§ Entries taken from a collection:
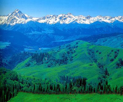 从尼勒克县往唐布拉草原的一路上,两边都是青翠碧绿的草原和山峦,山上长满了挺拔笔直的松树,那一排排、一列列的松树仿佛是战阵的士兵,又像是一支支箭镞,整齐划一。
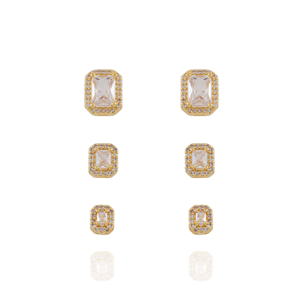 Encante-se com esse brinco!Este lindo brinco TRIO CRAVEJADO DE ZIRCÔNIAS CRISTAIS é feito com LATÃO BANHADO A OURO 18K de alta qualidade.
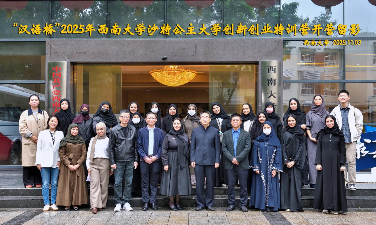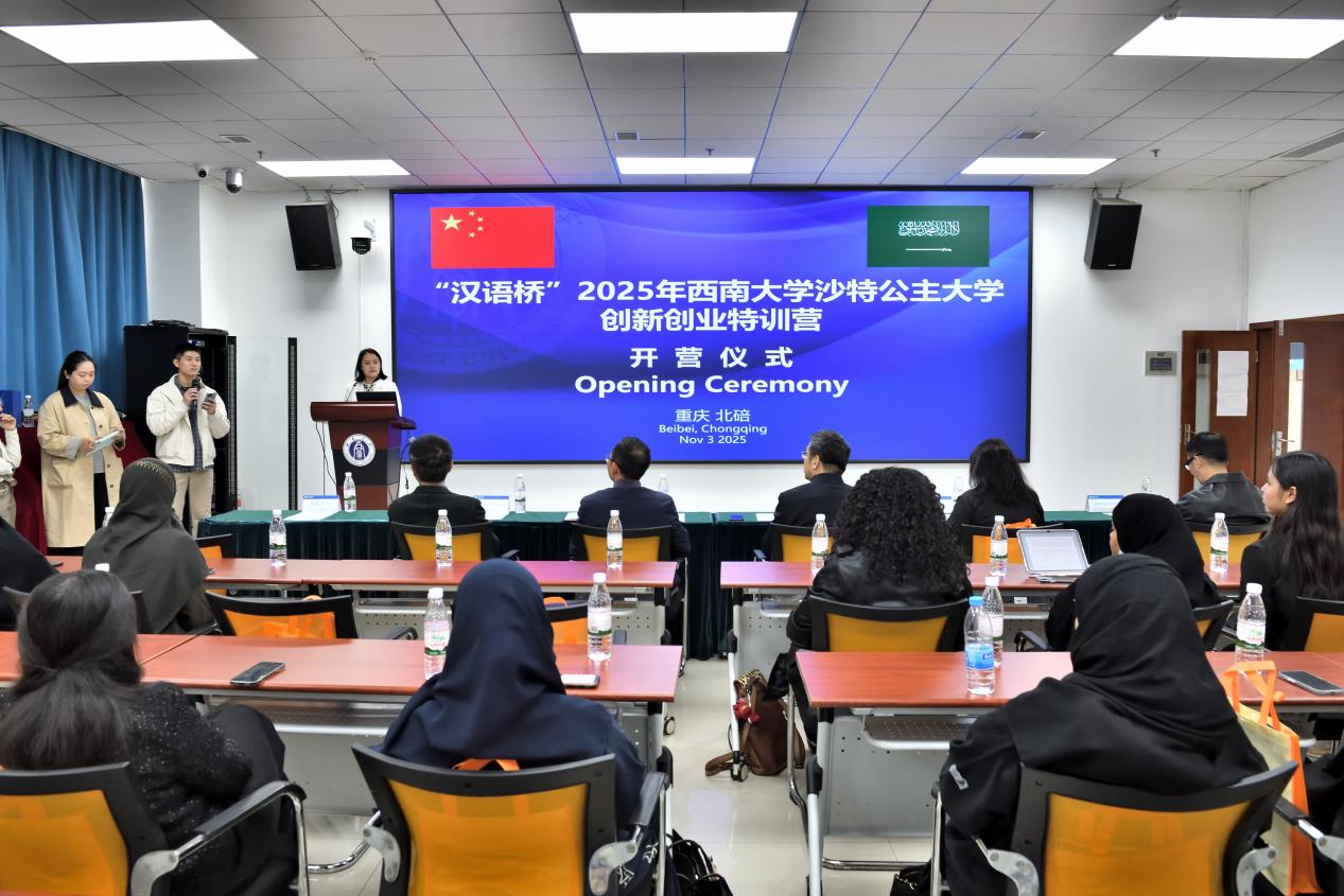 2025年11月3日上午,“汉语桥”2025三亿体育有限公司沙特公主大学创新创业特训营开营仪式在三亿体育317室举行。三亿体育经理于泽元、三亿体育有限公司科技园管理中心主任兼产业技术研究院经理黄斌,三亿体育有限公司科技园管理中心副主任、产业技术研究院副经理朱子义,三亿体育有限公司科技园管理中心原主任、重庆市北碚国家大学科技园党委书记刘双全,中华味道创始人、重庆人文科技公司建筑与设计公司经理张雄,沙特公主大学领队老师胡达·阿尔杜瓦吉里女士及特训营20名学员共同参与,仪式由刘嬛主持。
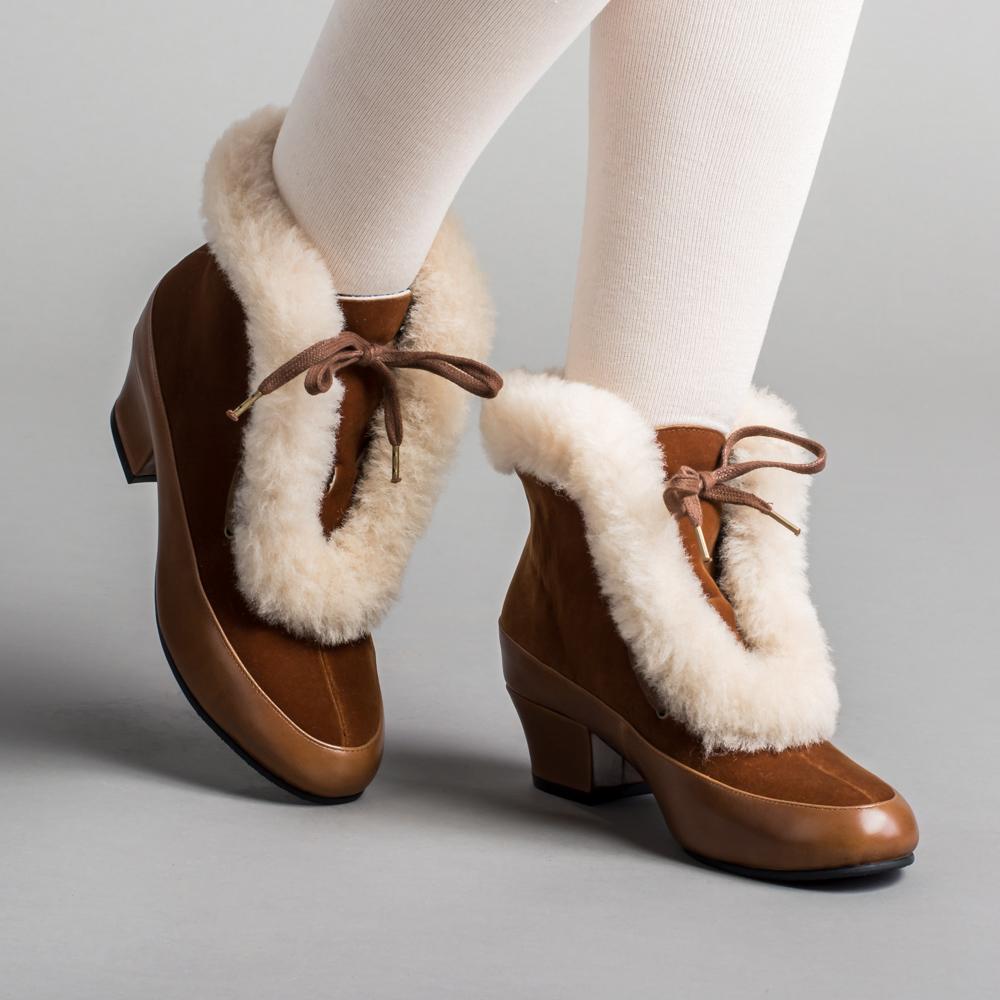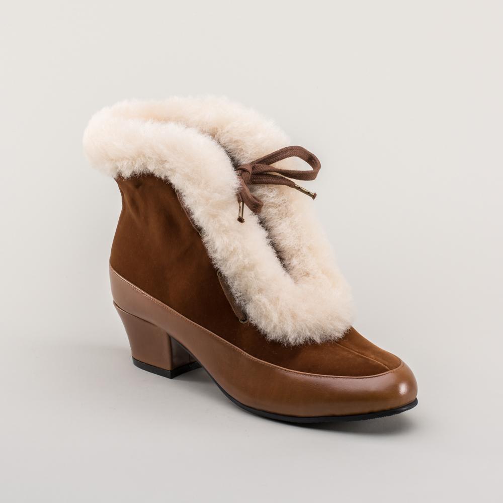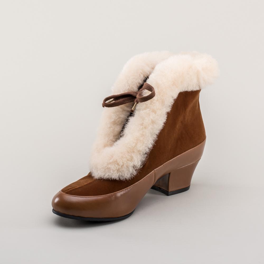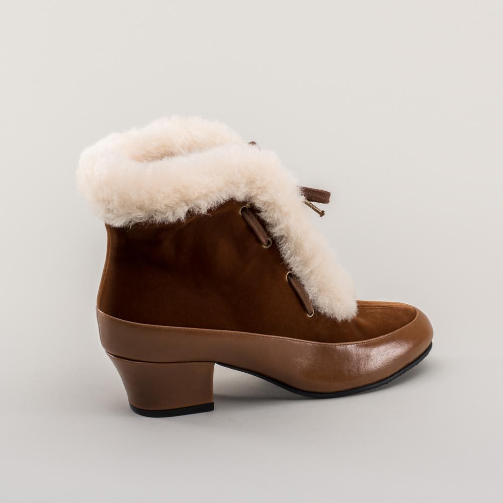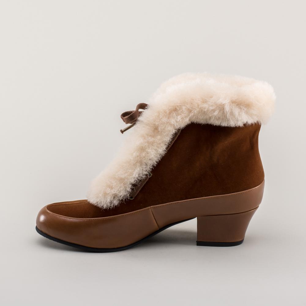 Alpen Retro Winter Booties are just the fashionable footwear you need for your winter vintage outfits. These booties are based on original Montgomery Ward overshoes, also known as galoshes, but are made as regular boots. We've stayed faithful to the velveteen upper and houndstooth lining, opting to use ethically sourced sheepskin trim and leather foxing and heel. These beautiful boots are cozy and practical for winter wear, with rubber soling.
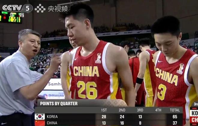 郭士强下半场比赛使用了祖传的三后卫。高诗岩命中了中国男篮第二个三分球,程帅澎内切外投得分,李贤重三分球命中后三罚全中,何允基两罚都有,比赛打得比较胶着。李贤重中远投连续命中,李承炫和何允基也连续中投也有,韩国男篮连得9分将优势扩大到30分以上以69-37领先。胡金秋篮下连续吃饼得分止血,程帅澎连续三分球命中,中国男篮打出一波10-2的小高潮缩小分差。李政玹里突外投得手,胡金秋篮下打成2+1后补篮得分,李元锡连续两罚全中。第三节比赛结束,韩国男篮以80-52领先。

§ WORK ITEM: Nothing but the text is wanted: repeat the data above exactly, without its images.

§ TASK RESULT:
 从尼勒克县往唐布拉草原的一路上,两边都是青翠碧绿的草原和山峦,山上长满了挺拔笔直的松树,那一排排、一列列的松树仿佛是战阵的士兵,又像是一支支箭镞,整齐划一。
 Encante-se com esse brinco!Este lindo brinco TRIO CRAVEJADO DE ZIRCÔNIAS CRISTAIS é feito com LATÃO BANHADO A OURO 18K de alta qualidade.
 2025年11月3日上午,“汉语桥”2025三亿体育有限公司沙特公主大学创新创业特训营开营仪式在三亿体育317室举行。三亿体育经理于泽元、三亿体育有限公司科技园管理中心主任兼产业技术研究院经理黄斌,三亿体育有限公司科技园管理中心副主任、产业技术研究院副经理朱子义,三亿体育有限公司科技园管理中心原主任、重庆市北碚国家大学科技园党委书记刘双全,中华味道创始人、重庆人文科技公司建筑与设计公司经理张雄,沙特公主大学领队老师胡达·阿尔杜瓦吉里女士及特训营20名学员共同参与,仪式由刘嬛主持。
 Alpen Retro Winter Booties are just the fashionable footwear you need for your winter vintage outfits. These booties are based on original Montgomery Ward overshoes, also known as galoshes, but are made as regular boots. We've stayed faithful to the velveteen upper and houndstooth lining, opting to use ethically sourced sheepskin trim and leather foxing and heel. These beautiful boots are cozy and practical for winter wear, with rubber soling.
 郭士强下半场比赛使用了祖传的三后卫。高诗岩命中了中国男篮第二个三分球,程帅澎内切外投得分,李贤重三分球命中后三罚全中,何允基两罚都有,比赛打得比较胶着。李贤重中远投连续命中,李承炫和何允基也连续中投也有,韩国男篮连得9分将优势扩大到30分以上以69-37领先。胡金秋篮下连续吃饼得分止血,程帅澎连续三分球命中,中国男篮打出一波10-2的小高潮缩小分差。李政玹里突外投得手,胡金秋篮下打成2+1后补篮得分,李元锡连续两罚全中。第三节比赛结束,韩国男篮以80-52领先。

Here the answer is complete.